[[ Input data open ]]

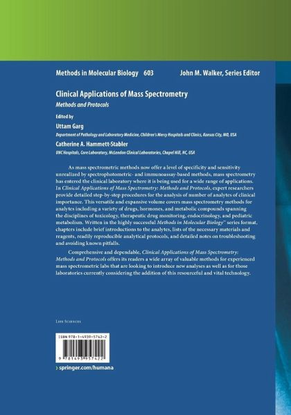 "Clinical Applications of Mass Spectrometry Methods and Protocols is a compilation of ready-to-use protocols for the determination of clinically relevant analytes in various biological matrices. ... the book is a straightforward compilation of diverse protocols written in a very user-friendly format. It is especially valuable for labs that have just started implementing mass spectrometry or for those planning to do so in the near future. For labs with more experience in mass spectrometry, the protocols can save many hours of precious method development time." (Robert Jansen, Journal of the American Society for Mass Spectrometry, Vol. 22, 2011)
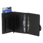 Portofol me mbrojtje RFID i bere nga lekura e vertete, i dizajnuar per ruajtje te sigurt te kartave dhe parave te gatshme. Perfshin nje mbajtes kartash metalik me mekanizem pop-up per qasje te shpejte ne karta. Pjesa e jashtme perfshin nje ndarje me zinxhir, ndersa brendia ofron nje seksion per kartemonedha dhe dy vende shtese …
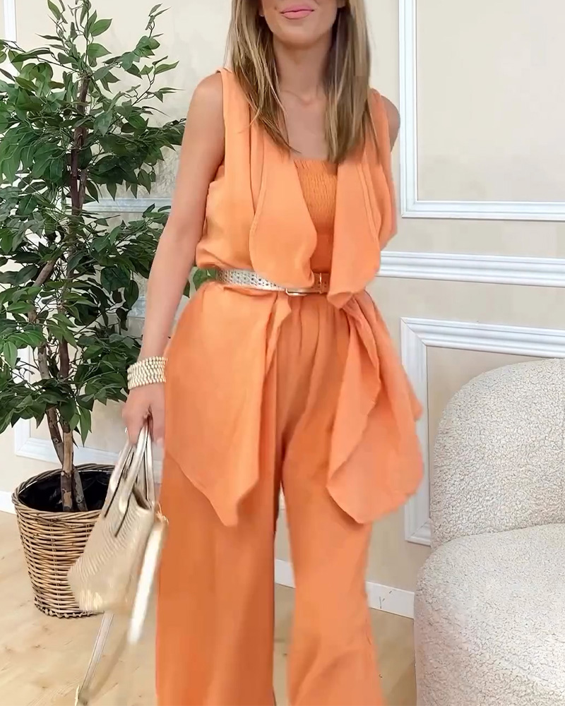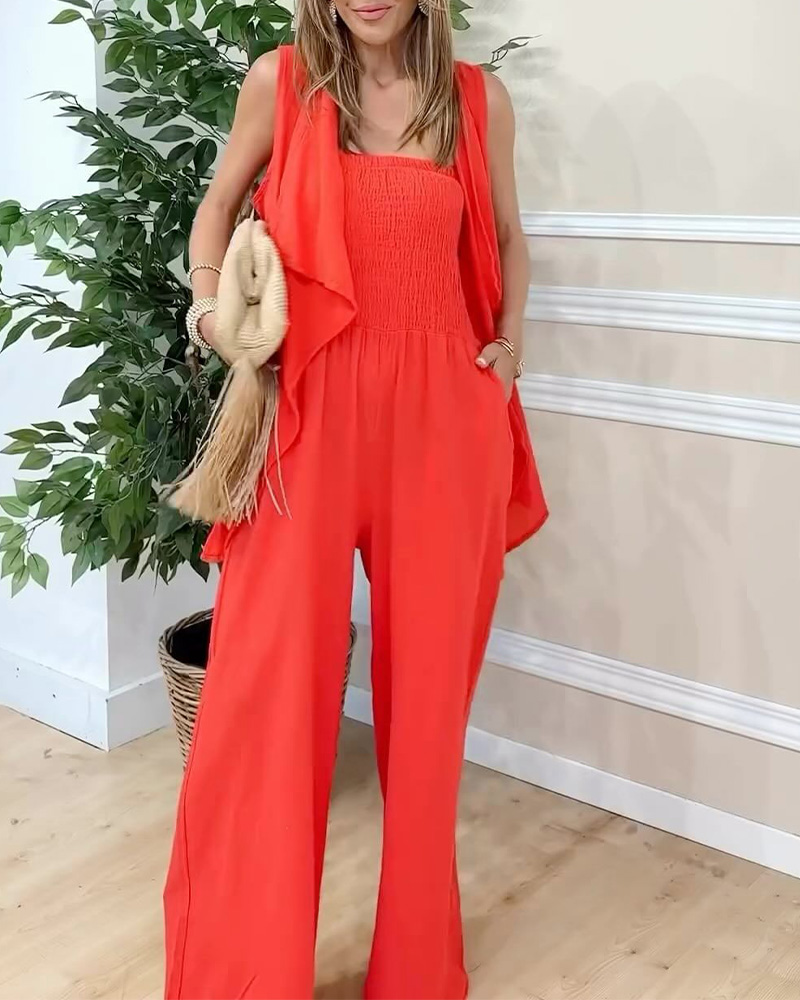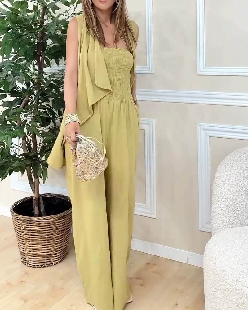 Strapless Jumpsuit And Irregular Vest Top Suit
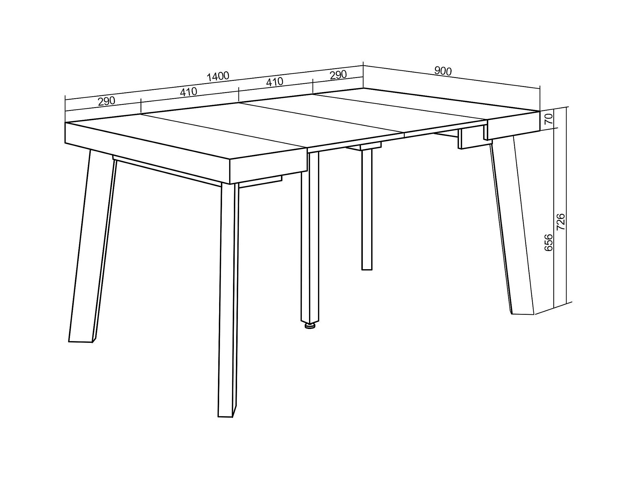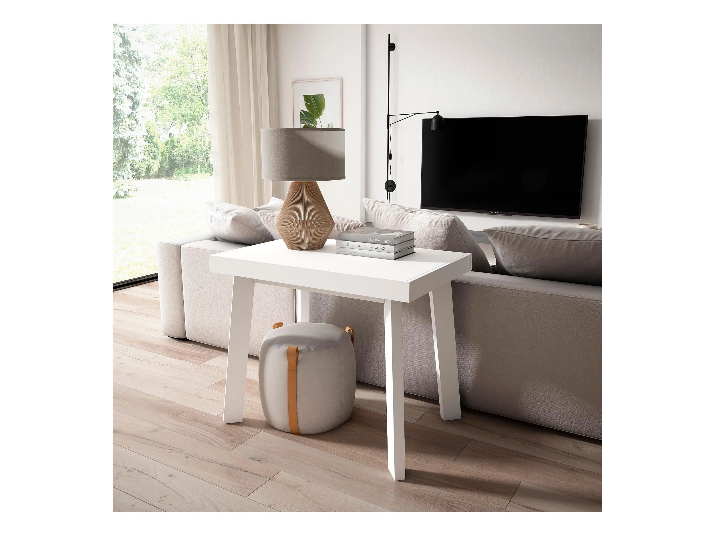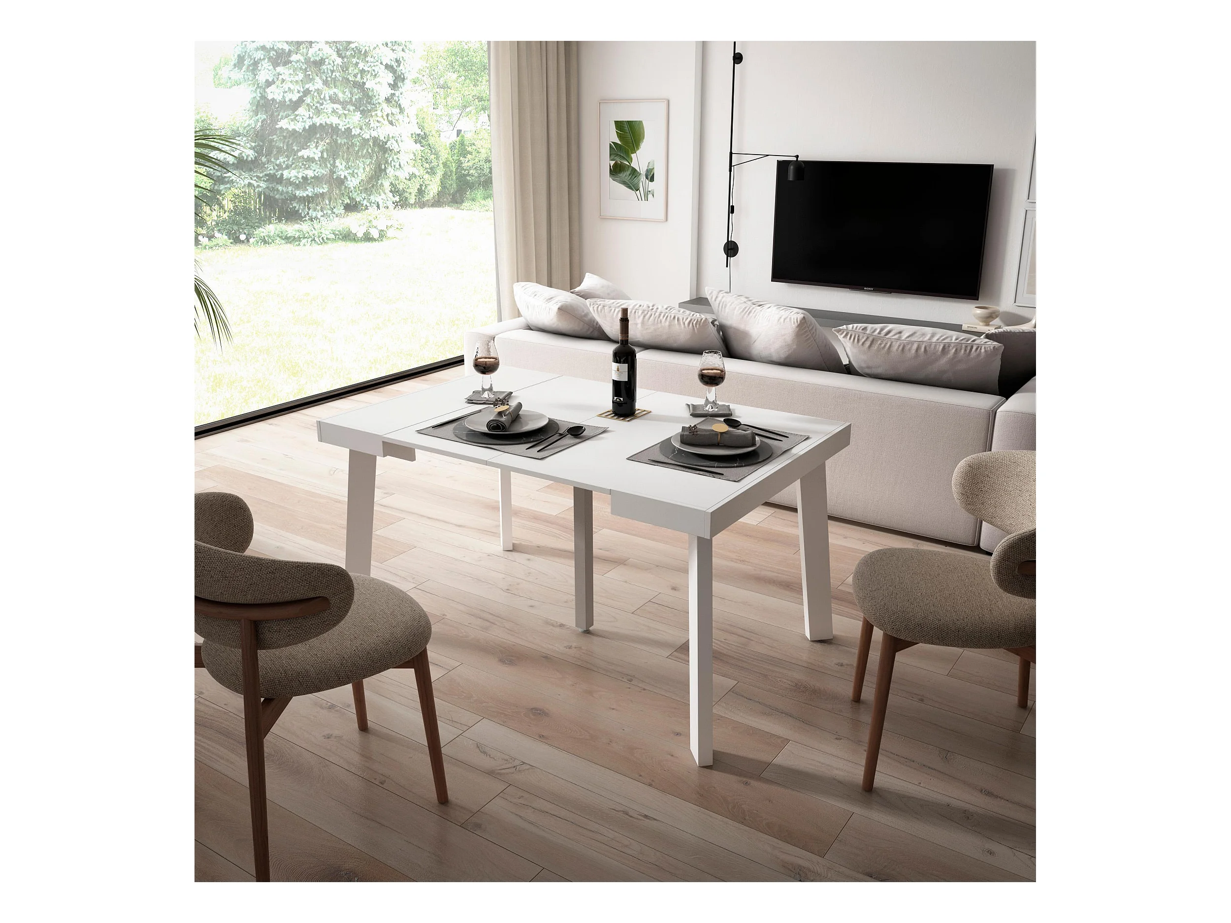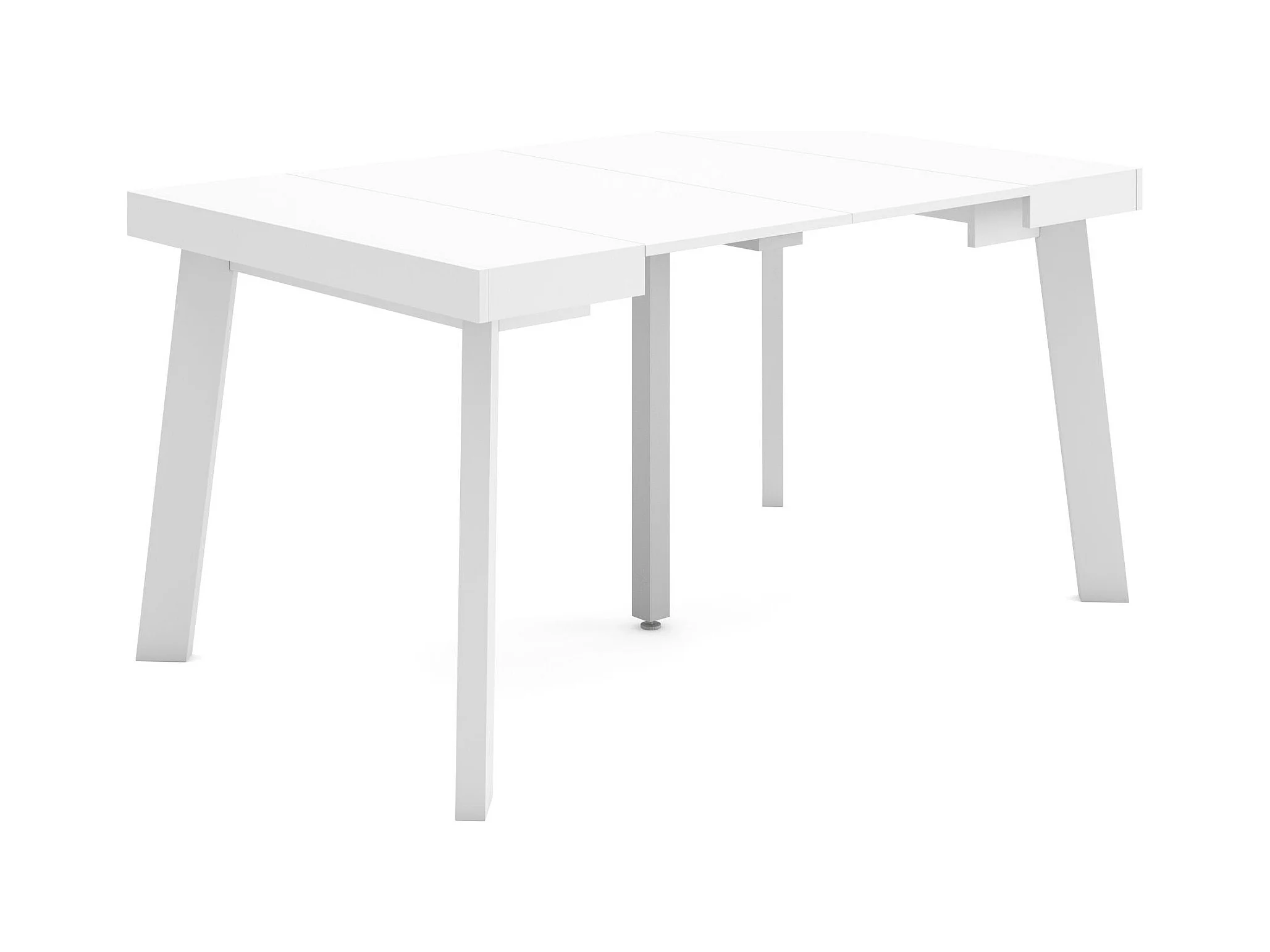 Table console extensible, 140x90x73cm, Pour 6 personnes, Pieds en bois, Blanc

[[ Input data closed ]]

Repeat the data above exactly; images are not part of the copy.

■ Result for this exercise ■
 "Clinical Applications of Mass Spectrometry Methods and Protocols is a compilation of ready-to-use protocols for the determination of clinically relevant analytes in various biological matrices. ... the book is a straightforward compilation of diverse protocols written in a very user-friendly format. It is especially valuable for labs that have just started implementing mass spectrometry or for those planning to do so in the near future. For labs with more experience in mass spectrometry, the protocols can save many hours of precious method development time." (Robert Jansen, Journal of the American Society for Mass Spectrometry, Vol. 22, 2011)
 Portofol me mbrojtje RFID i bere nga lekura e vertete, i dizajnuar per ruajtje te sigurt te kartave dhe parave te gatshme. Perfshin nje mbajtes kartash metalik me mekanizem pop-up per qasje te shpejte ne karta. Pjesa e jashtme perfshin nje ndarje me zinxhir, ndersa brendia ofron nje seksion per kartemonedha dhe dy vende shtese …
 Strapless Jumpsuit And Irregular Vest Top Suit
 Table console extensible, 140x90x73cm, Pour 6 personnes, Pieds en bois, Blanc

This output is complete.